_PROBLEM DETAILS_
I need the lines from the one holding "Figure 1 Map" to the last line of the data below repeated exactly, both included, without pictures.

_GIVEN MATERIAL_
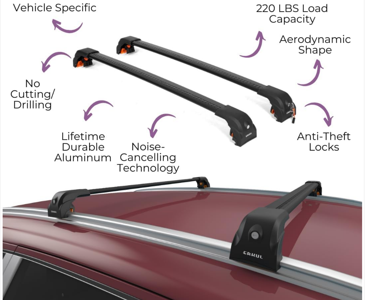
Image: An infographic detailing product features such as vehicle-specific design, 220 lbs load capacity, aerodynamic shape, no cutting/drilling required, durable aluminum, noise-cancelling technology, and anti-theft locks.
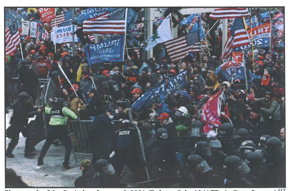
Photograph of the Capitol on January 6, 2021 117
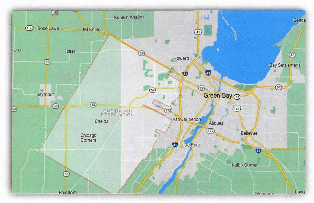
Figure 1 Map of Oneida Reservation Boundaries<sup>17</sup>
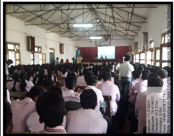
Students of the college involving on one day workshop

_PROBLEM SOLUTION_
Figure 1 Map of Oneida Reservation Boundaries<sup>17</sup>
Students of the college involving on one day workshop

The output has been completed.